The programmes will include customer-friendly call lines to help New Yorkers – regardless of their insurance – make appointments with general practitioners, cardiologists, pediatricians, gynecologists and a full spectrum of healthcare services, de Blasio said.
“Healthcare is a right, not a privilege reserved for those who can afford it,” he said. “While the federal government works to gut healthcare for millions of Americans, New York City is leading the way by guaranteeing that every New Yorker has access to quality, comprehensive access to care, regardless of immigration status or their ability to pay.”
“With today’s announcement of NYC Care, New York City takes another leap ahead of the rest of the nation in providing mental health services,” said First Lady Chirlane McCray, who traces her roots to Barbados and St. Lucia. “Guaranteed healthcare means guaranteed mental healthcare and alcohol/drug addiction treatment.
“No other city or state provides these comprehensive services to all residents,” she added.

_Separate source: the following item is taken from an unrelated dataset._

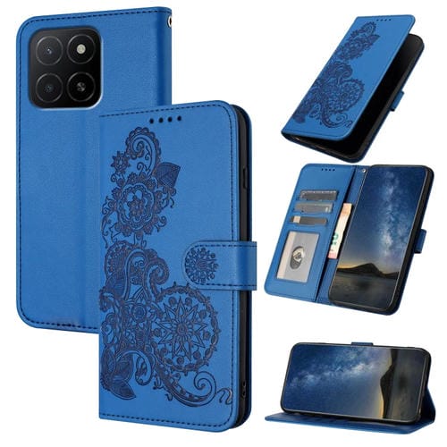Funda de Cuero con Tapa y Relieve Flor de Datura para Honor X5B/X5B Plus (Azul)

The mayor said, thanks to the Affordable Care Act, 8 million New Yorkers now have health insurance, adding that the uninsured rate is about nearly half of what it was in 2013.
In the last two years, he said New York City’s Public Engagement Unit coordinated signing up more than 130,000 New Yorkers for plans through the exchanges created by the law.
But de Blasio said about 600,000 New Yorkers, including many Caribbean immigrants, remain without insurance, “because they do not or cannot enroll”.
Through this new initiative, the mayor said New York City will create a “bigger, better, more comprehensive program for guaranteed health care”.
He said the city aims to better connect people to more effective and affordable health care in one of two ways.
Through NYC Care, the mayor said anyone will be able to access comprehensive care across NYC Health + Hospitals’ more than 70-plus locations, “once the program is fully ramped up”.
Through NYC’s Public Option, de Blasio said the city will “double down on efforts to boost enrollment in MetroPlus”.
He said MetroPlus provides free or affordable health insurance that connects insurance-eligible New Yorkers to a network of providers that includes NYC Health + Hospitals’ 11 hospitals and 70 clinics.
De Blasio said the city will also improve the quality of the MetroPlus customer experience through improved access to clinical care, mental health services, and wellness rewards for healthy behavior.
The mayor said the city is taking an “unprecedented approach” to healthcare services by “tackling mental and physical issues holistically”.
Through both programmess, he said New Yorkers will be able to access addiction services and opioid treatment, mental health counseling, and counseling services for trauma victims.
De Blasio said New Yorkers will be able to call MetroPlus or 311 to be screened for health insurance eligibility and get connected to their best coverage option.
He said NYC Care will launch in summer 2019 and will roll out geographically, starting in the Bronx. It will be fully available to all New Yorkers across the five boroughs in 2021, the mayor said.
He said the programme will cost at least US$100 million annually at full scale.